Learning Center June 11, 2025

Tech Focus: 3D Imaging

3D logo with title text

3D imaging is the process of capturing spatial depth and geometric structure of objects. It enables computer vision devices to perceive and interact with the physical world in three dimensions.

From automated inspection and medical diagnostics to robotics and spatial computing, 3D imaging is becoming commonplace across diverse sectors. Understanding the different 3D imaging techniques is essential for engineers and system integrators working with imaging hardware such as multi-camera setups and high-throughput frame grabbers. This enables the design of accurate, high-performance systems.

This Tech Focus provides an overview of the most widely used 3D imaging methods along with the components necessary to implement each technique.

What Is 3D Imaging?

3D imaging refers to technologies that capture the depth, shape, and volume of real-world objects. Unlike 2D systems that record only intensity and color across a flat plane, 3D systems produce spatially resolved data, typically in the form of point clouds, depth maps, or volumetric datasets.

Depending on your application, whether it’s micron-level inspection in electronics, real-time machine guidance, or medical volume reconstruction, different 3D methods may be appropriate.

3D Imaging Techniques

Stereo vision is one of the most widely adopted 3D imaging techniques, leveraging two or more cameras to mimic human binocular perception. By identifying corresponding points between the captured images and calculating their disparity, a stereo system can triangulate depth and generate dense depth maps. This approach works well in environments with sufficient texture and lighting, and is commonly used in robotic navigation, bin picking, and real-time inspection. For best results, precise camera calibration and synchronization are essential, along with dedicated processing. This processing power can often be implemented on FPGAs or GPUs to handle the computational load of disparity estimation in real time.

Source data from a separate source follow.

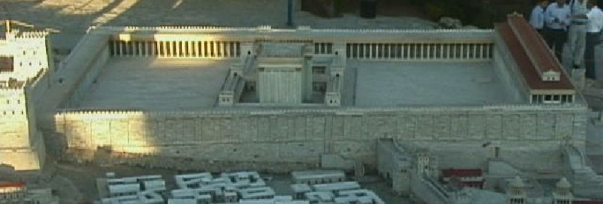 Here's one model of the temple. Keep in mind that this square represents 42 acres. And I believe that this massive public meeting area is the "house" portion of the complex. Over here is the temple proper, and on the south side is the house, sometimes called Herod's Basilica and sometimes called Solomon's porch. It is three storied, and the top platform would have been a perfect spot for Peter to come out of one of the rooms way on the top and to address the crowds. Some people actually believe that Peter addressed the crowds from the house of Avtinas (which is right here). And that theory is definitely a possibility.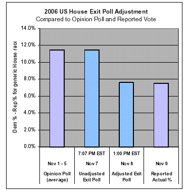There is a significant over-sampling of Republican voters in the adjusted 2006 Exit Poll. It simply does not reflect the actual turnout on Election Day 2006.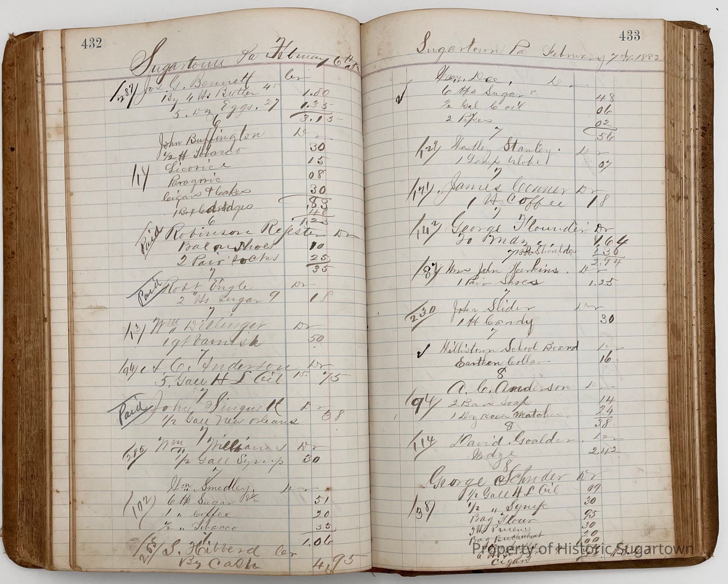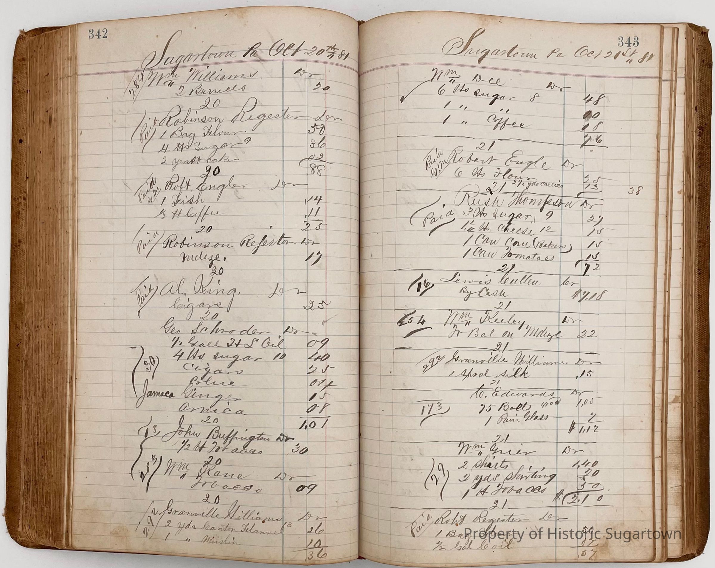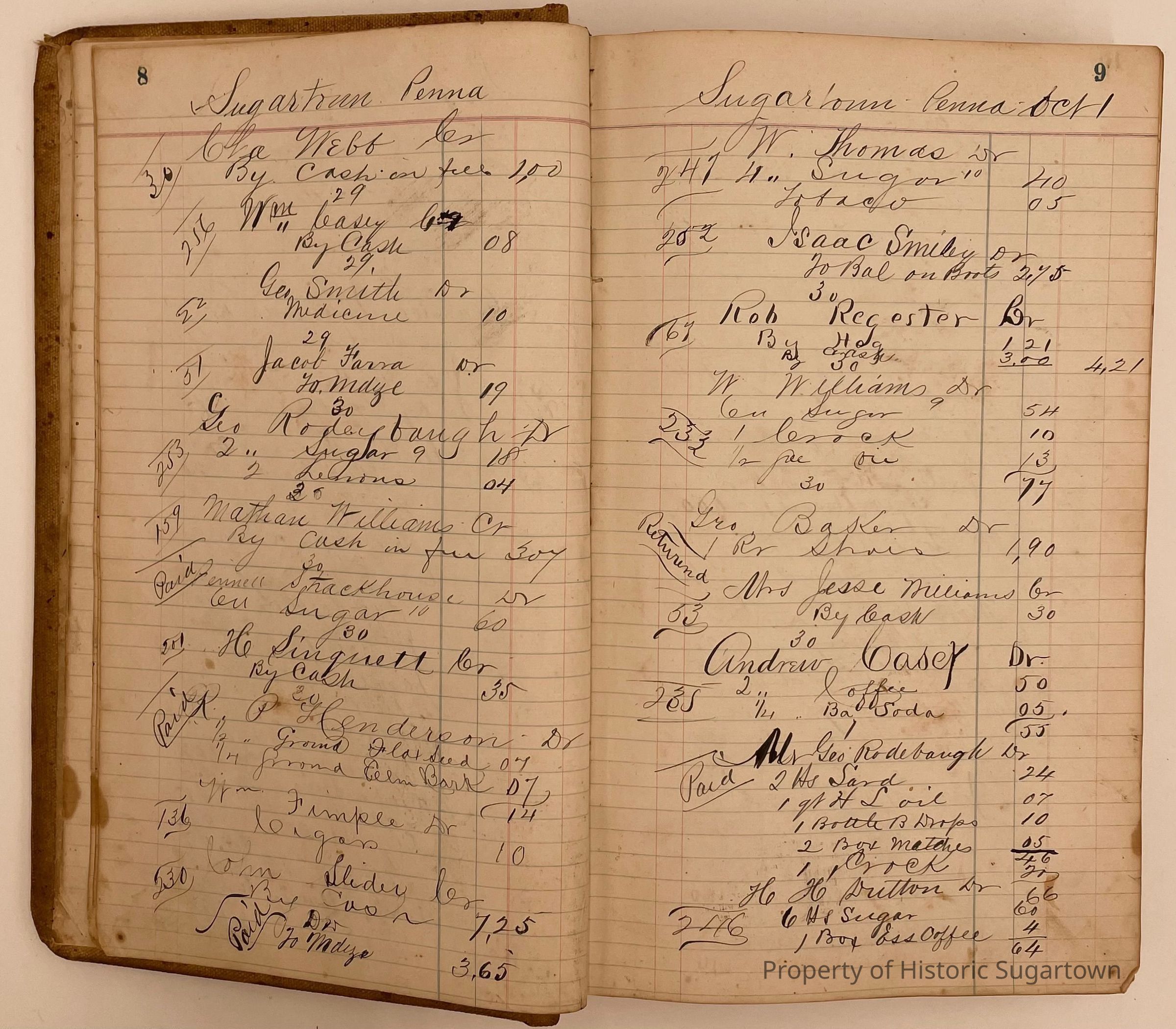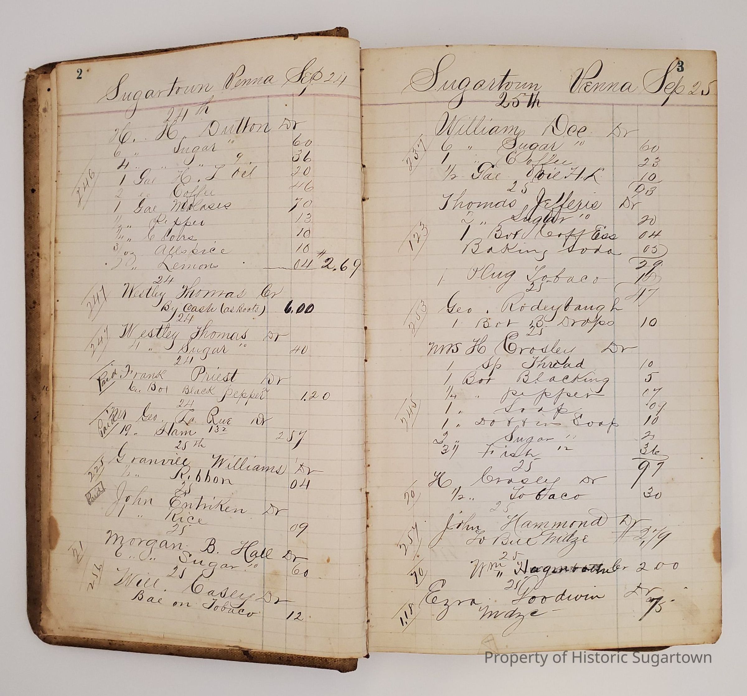 During the 1840s, Sharpless Worrall moved with his family to Sugartown in Willistown Township, Chester County, Pennsylvania, where he took over ownership of a general store and served as postmaster for 20 years. Upon his retirement, Worrall's son-in-law Hillery John took over the store, which he ran until his death. At that point it was taken over by Hillery's son, Clyde B. John, who eventually turned the business into an antiques shop. Worrall and John family papers and business records, 1830-1939, primarily consist of the business records of the general store under all three owners as well personal and family papers relating to the Worrall and John families.Context

Structured light systems project a predefined pattern, such as stripes, dot matrices, or fringe patterns, onto a target scene. The deformation of this pattern, as observed from a separate camera viewpoint, reveals surface topology by analyzing how the structured light distorts over varying depths. This method offers excellent spatial resolution and is particularly useful for detailed scanning tasks, such as in metrology, facial recognition, and 3D modeling.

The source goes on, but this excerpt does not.